Pada tahun 1992, ketika Syekh Nazim (q) mengunjungi Lahore, Pakistan; ia berziarah ke makam Syekh Ali Hujwiri (q). Lalu salah seorang Syekh dari Tarekat Qadiriah mengundangnya ke rumahnya. Syekh Nazim (q) menginap di sana. Setelah Salat Subuh, tuan rumah itu berkata,
‘Wahai Syekh, aku memintamu menginap malam ini untuk menunjukkan sebuah jubah berharga yang telah kami warisi sejak 27 tahun yang lalu. Jubah ini diwariskan dari seorang Syekh besar Tarekat Qadiriah dari Baqhdad sampai akhirnya berada di tangan kami. Semua Syekh kami menyimpan dan menjaganya karena dulunya ini adalah jubah pribadi dari ‘Ghawts’ pada masa itu.

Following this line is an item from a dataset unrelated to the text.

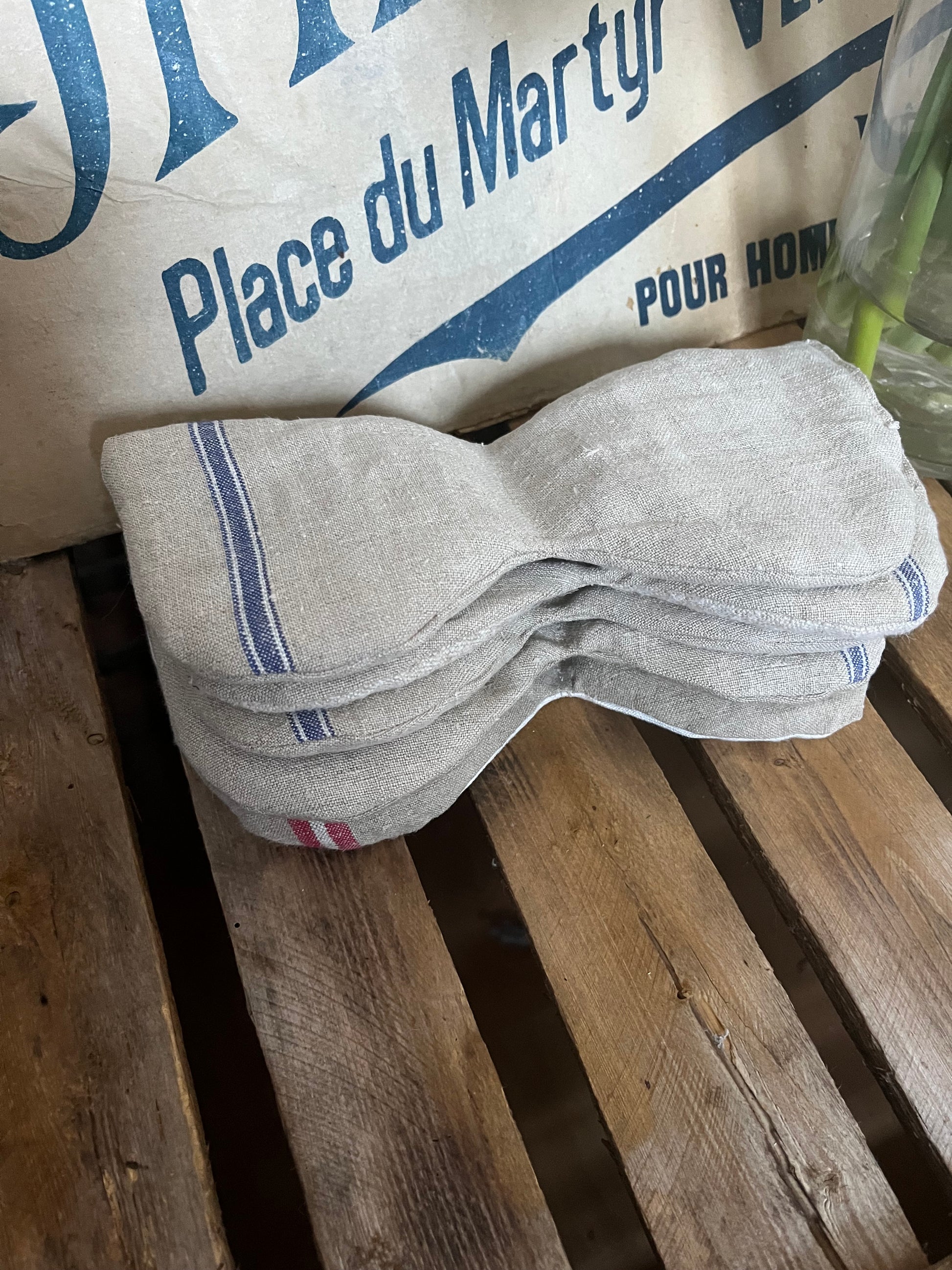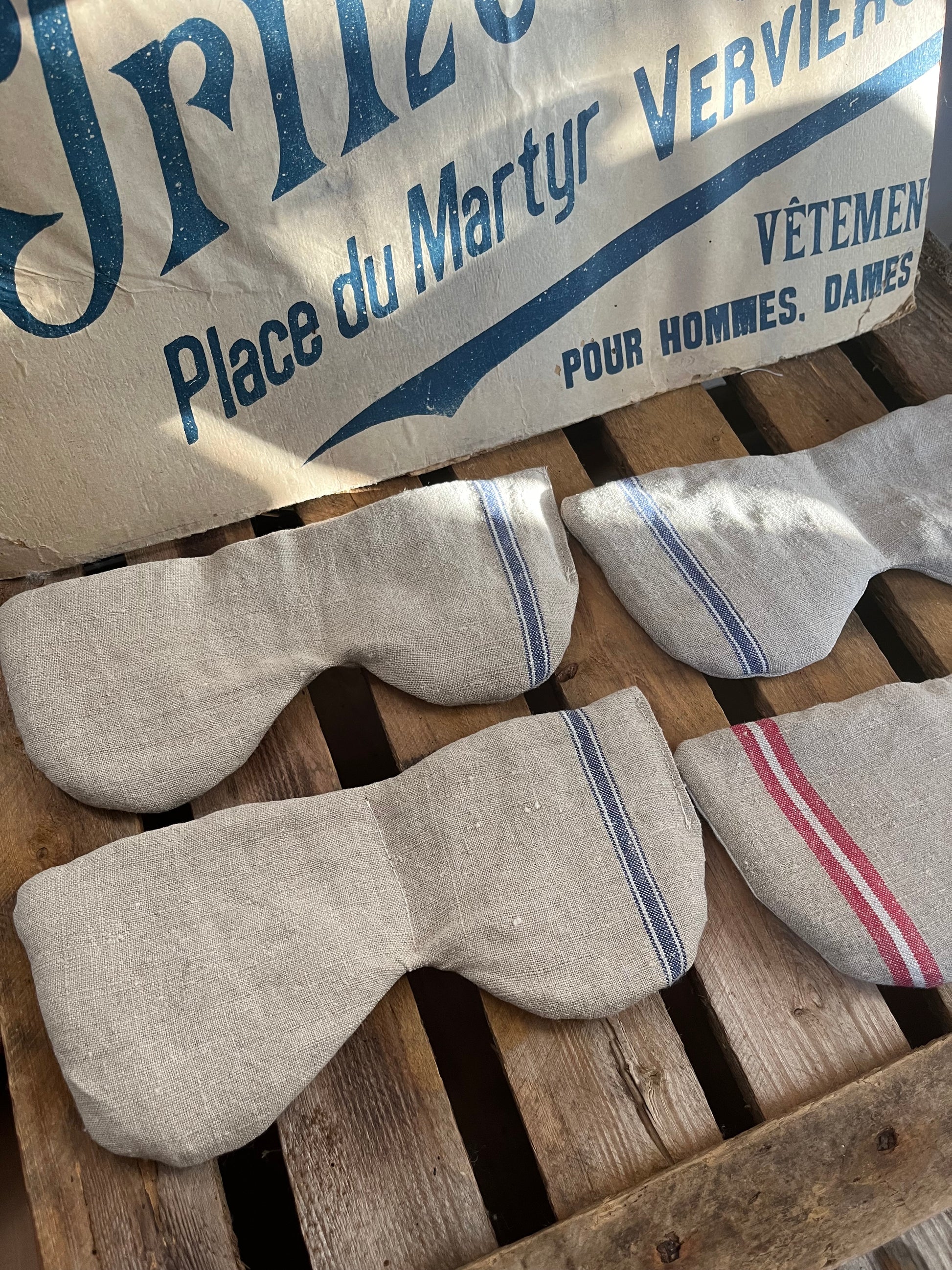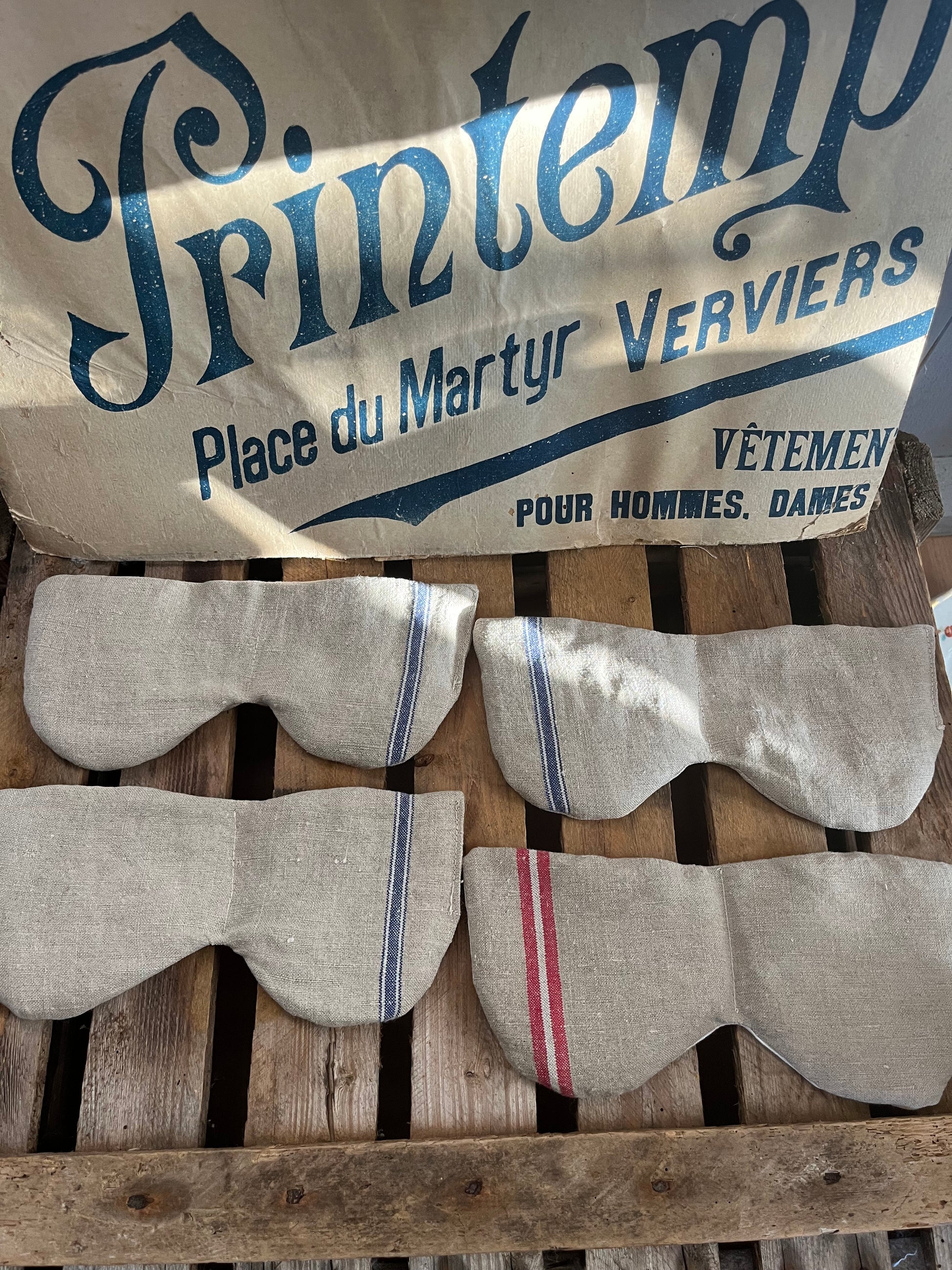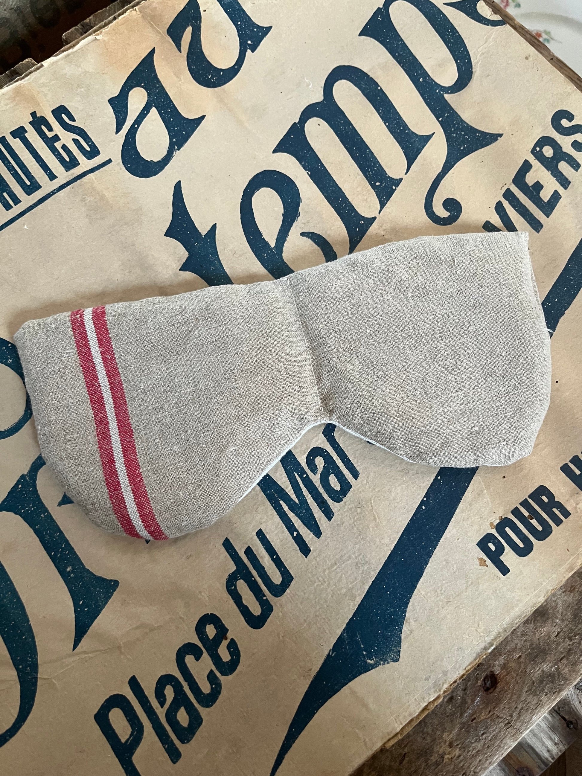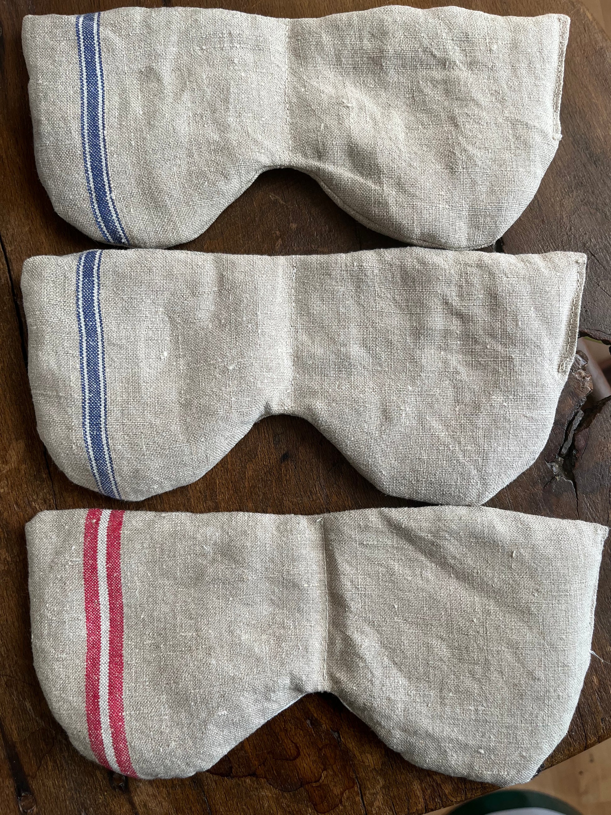 Augenmaske aus vintage Leinen, zart blau oder rot gestreift, gefüllt mit Rapssamen oder Leinsamen. Ideal für Yoga oder bei Migräne und müden, geschwollenen Augenpartien. Das Leinen fühlt sich schön kühl und weich auf der Haut an. Die Streifen sind immer ein bisschen anders. Antikes Leinen ist frei von Chemie und besonders wohltuend. Einfach die Maske in die Gefriertruhe oder das Kühlfach legen. Bei Bedarf auf die geschlossenen Augen legen und 10 Minuten entspannt zur Ruhe kommen. Bei Kopfschmerzen kann die Kälte entspannend wirken. Die Maske kann dauerhaft in der Gefriertruhe liegen und jedes Mal, wenn sie gebraucht wird, herausgeholt werden. Danach einfach wieder in der Truhe aufbewahren. Raps- und Leinsamen speichern die Kälte wunderbar.

Seorang Syekh Turki dari Tarekat Naqsybandi berkhalwat di masjid dan makam Syekh `Abdul Qadir Jailani (q). Setelah selesai, ia memberikan jubah ini sebagai hadiah karena sudah melayaninya selama khalwat. Menjelang wafatnya, Syekh Qadiriah pemegang jubah ini mengatakan pada penerusnya agar menjaga jubahnya, karena siapapun yang mengenakan jubahnya, semua penyakitnya akan hilang. Setiap murid yang mengenakan jubah ini dalam perjalanannya menuju Hadirat Ilahi akan mudah terangkat dalam tingkat kasyf.’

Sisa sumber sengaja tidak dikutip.